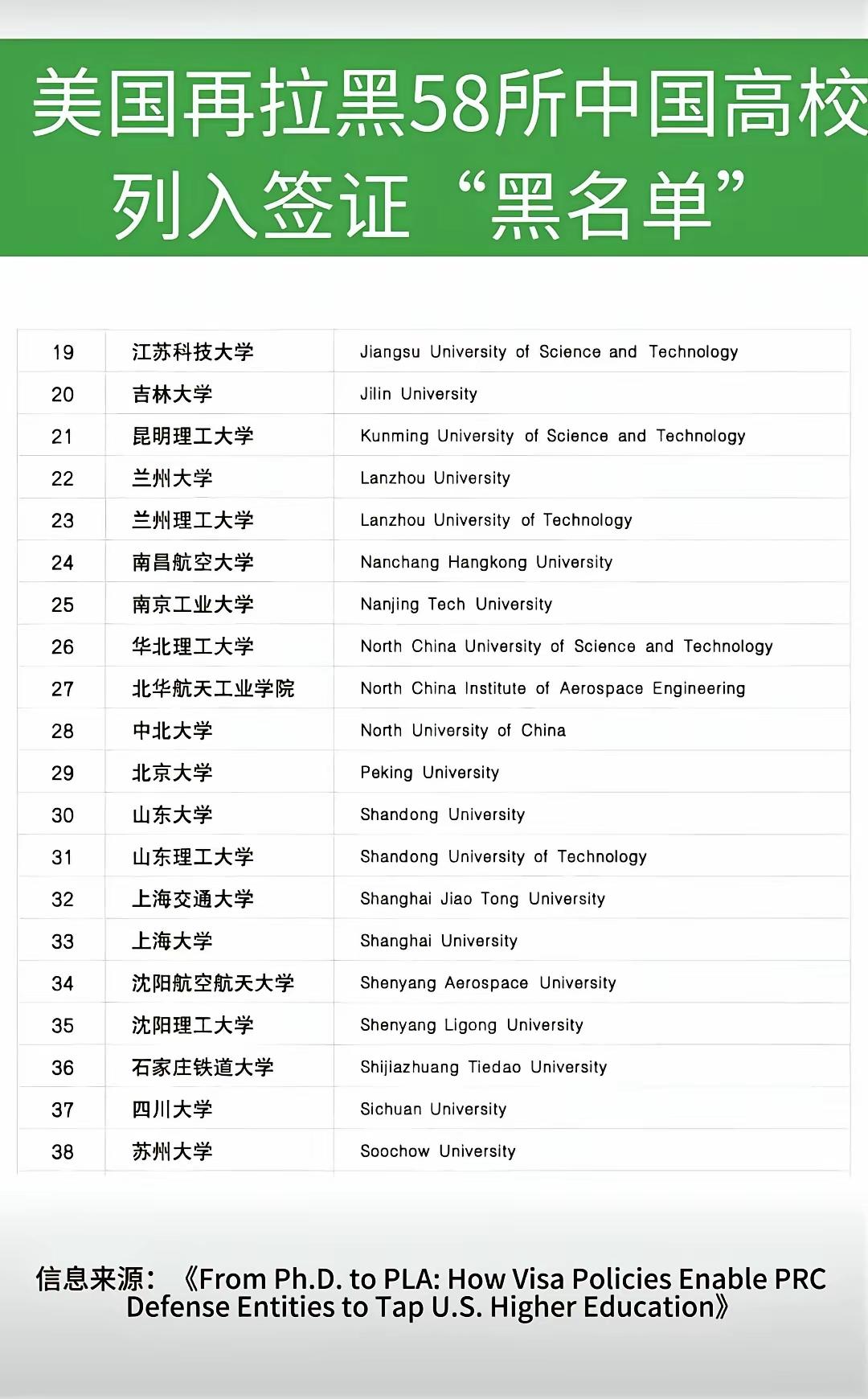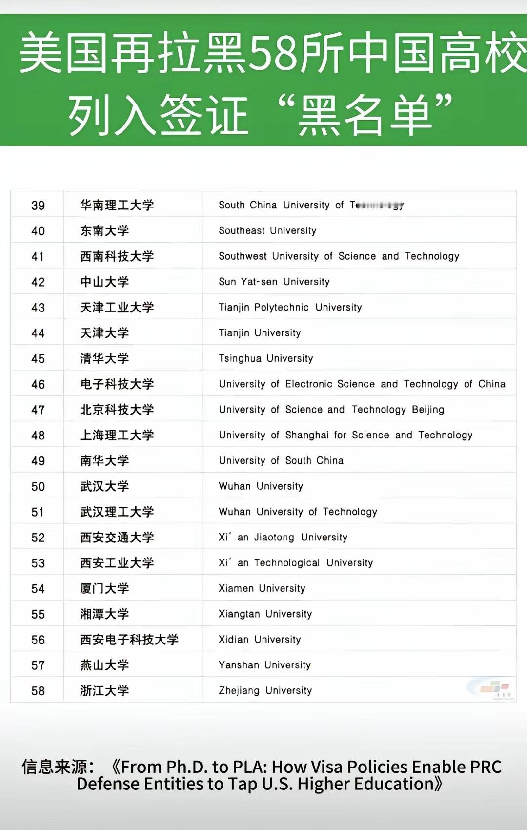 黔驴技穷,再拉黑58所中国高校,列入签证“黑名单”,其中18所985、9所211、31所“双非”高校。 中国高校的教育发展,中国人才培养目标,中国科技的进步和崛起,是拉黑所能阻止的。 相互交流,能促进科学技术的进步;独立自主,更能体会到中国科技的创新。 拉黑的方式,真的很低级。
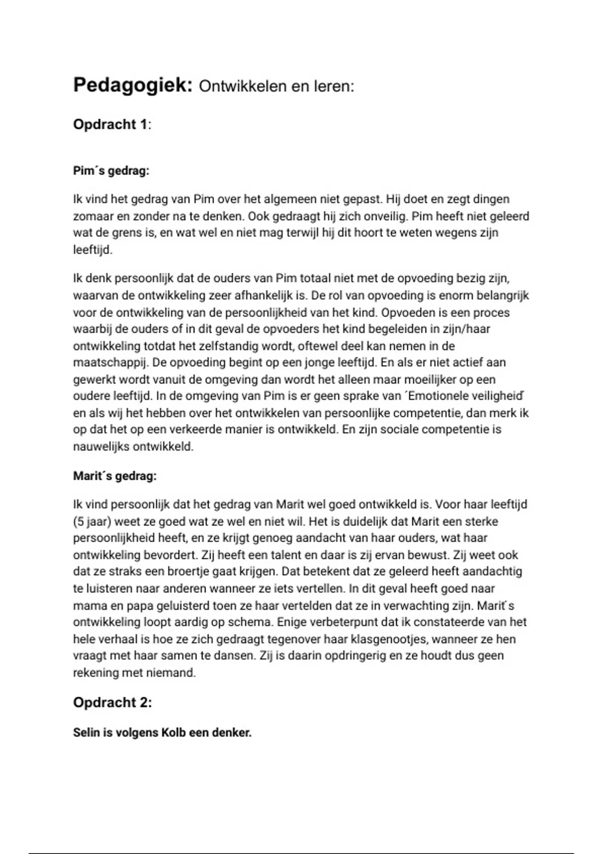 Ik vind persoonlijk dat het gedrag van Marit wel goed ontwikkeld is. Voor haar leeftijd
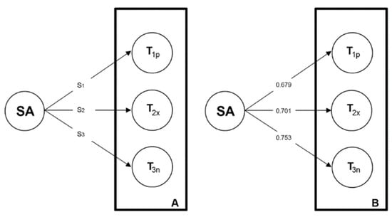 Similarly, Figure 4 represents the division and obtaining of the KAV of each sentiment, showing the average KAV by type of sentiment. Neuron SA represents the developed sentiment analysis, S1–S3 refer to different sentiments, and T1p, T2x, and T3n refer to different sentiments for each topic (namely, positive (p), neutral (x), and negative (n)).
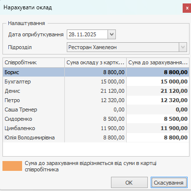 - Натисніть кнопку Нарахувати оклад. У вікні, що відкрилося:
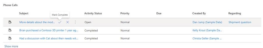 For another entity which is activity let us see what Quick Actions are available (Mark Complete, Close, Set Regarding, Assign and Email a link ):
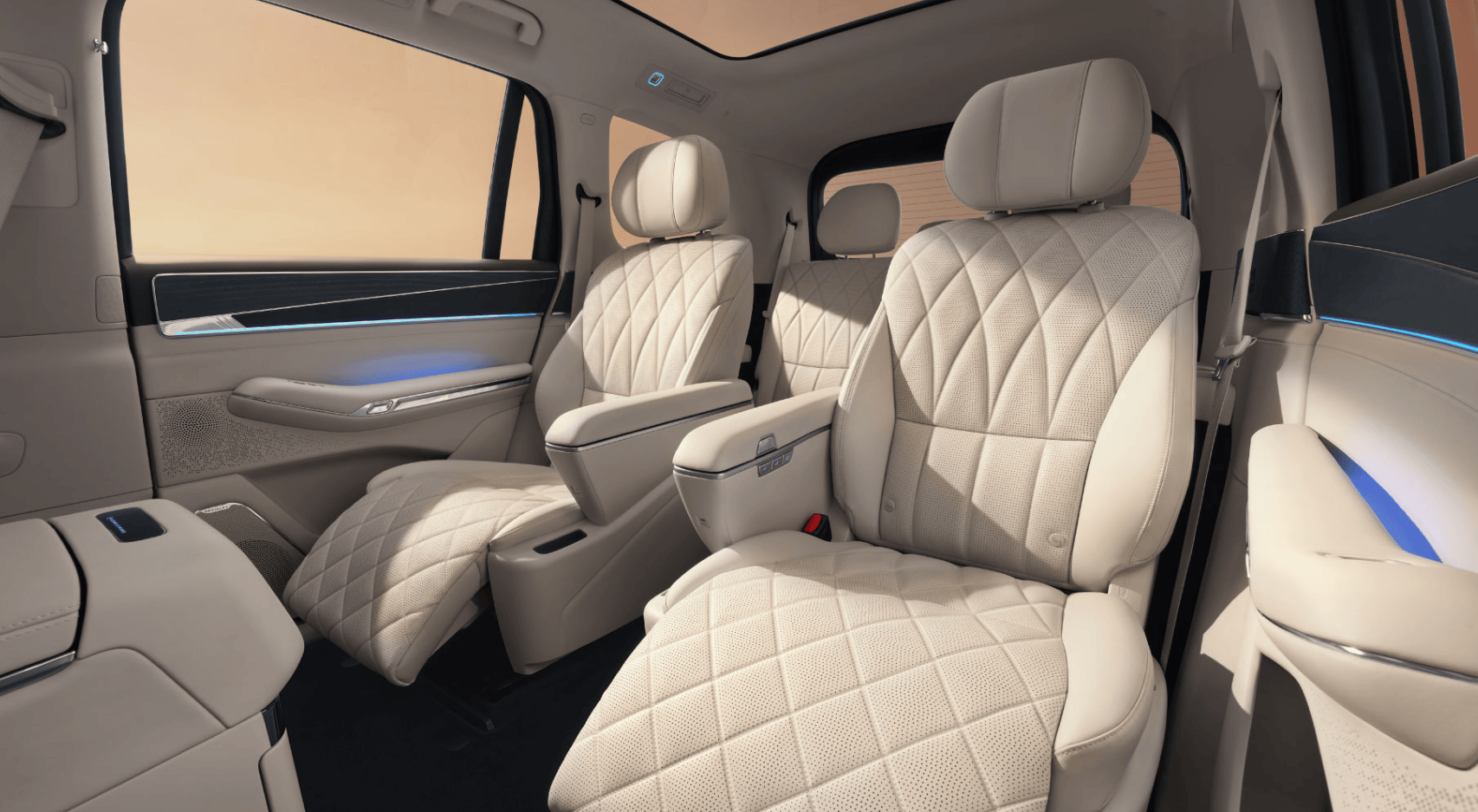 大唐EV的三围尺寸达到了5263/1999/1790mm,轴距更是长达3130mm,是名副其实的大块头。第二排配备的两张独立零压航空座椅,全系标配通风、加热和10点式按摩功能,靠背最大可调至146°,配合70°电动腿托,舒适度直接对标高端商务MPV。第三排同样没有妥协,得益于89.3%的得房率,成年乘客也能获得充裕的头部和腿部空间,彻底告别临时加座的窘迫,真正做到了对全车乘员一视同仁。配合47处车内储物空间以及252L的电动前备箱,无论是全家出游的行李还是商务接机的礼宾箱,都能轻松容纳。
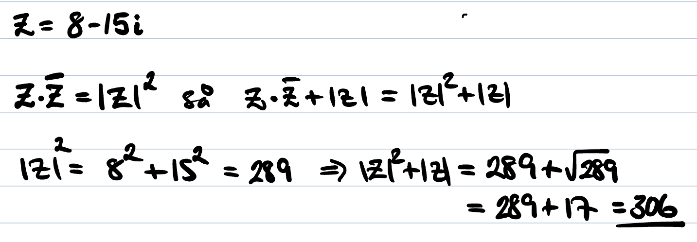 sedan är 8*8 = 64 och -15i*-15i = -225. Då har vi Roten ur -161 gällande absoluta avståndet där.. Vilket är fel. -15i * -15i kanske blir +225 av någon anledning och svaret är 17.
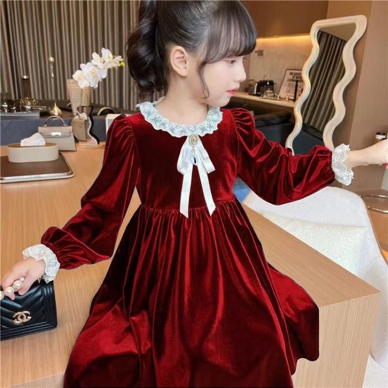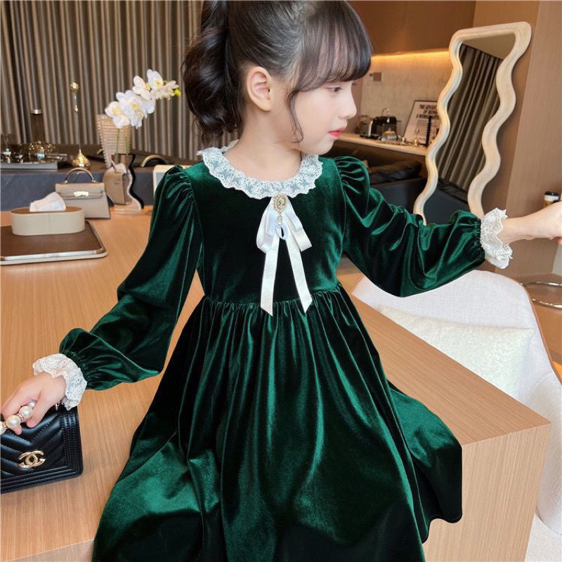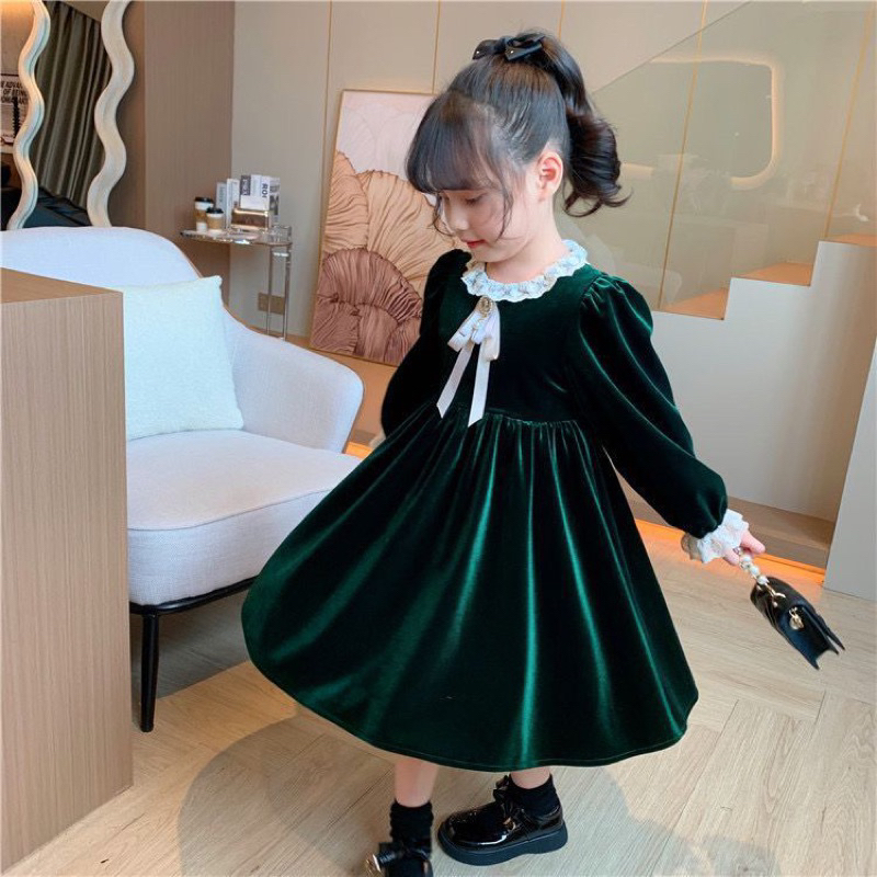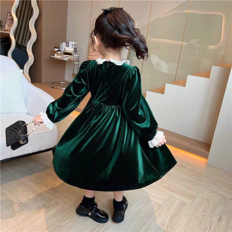 Kh21 Dress Velvet Hijau Brukat Anak Perempuan Lengan Panjang / Gaun Anak Cewek 3-14Tahun / Baju Anak Ukuran Tanggung

§ Task brief: Each line from the one containing "Similarly, Figure 4" through the end of the listing is to be set down exactly, with all pictures left out.

§ Result of this task:
 Similarly, Figure 4 represents the division and obtaining of the KAV of each sentiment, showing the average KAV by type of sentiment. Neuron SA represents the developed sentiment analysis, S1–S3 refer to different sentiments, and T1p, T2x, and T3n refer to different sentiments for each topic (namely, positive (p), neutral (x), and negative (n)).
 - Натисніть кнопку Нарахувати оклад. У вікні, що відкрилося:
 For another entity which is activity let us see what Quick Actions are available (Mark Complete, Close, Set Regarding, Assign and Email a link ):
 大唐EV的三围尺寸达到了5263/1999/1790mm,轴距更是长达3130mm,是名副其实的大块头。第二排配备的两张独立零压航空座椅,全系标配通风、加热和10点式按摩功能,靠背最大可调至146°,配合70°电动腿托,舒适度直接对标高端商务MPV。第三排同样没有妥协,得益于89.3%的得房率,成年乘客也能获得充裕的头部和腿部空间,彻底告别临时加座的窘迫,真正做到了对全车乘员一视同仁。配合47处车内储物空间以及252L的电动前备箱,无论是全家出游的行李还是商务接机的礼宾箱,都能轻松容纳。
 sedan är 8*8 = 64 och -15i*-15i = -225. Då har vi Roten ur -161 gällande absoluta avståndet där.. Vilket är fel. -15i * -15i kanske blir +225 av någon anledning och svaret är 17.
 Kh21 Dress Velvet Hijau Brukat Anak Perempuan Lengan Panjang / Gaun Anak Cewek 3-14Tahun / Baju Anak Ukuran Tanggung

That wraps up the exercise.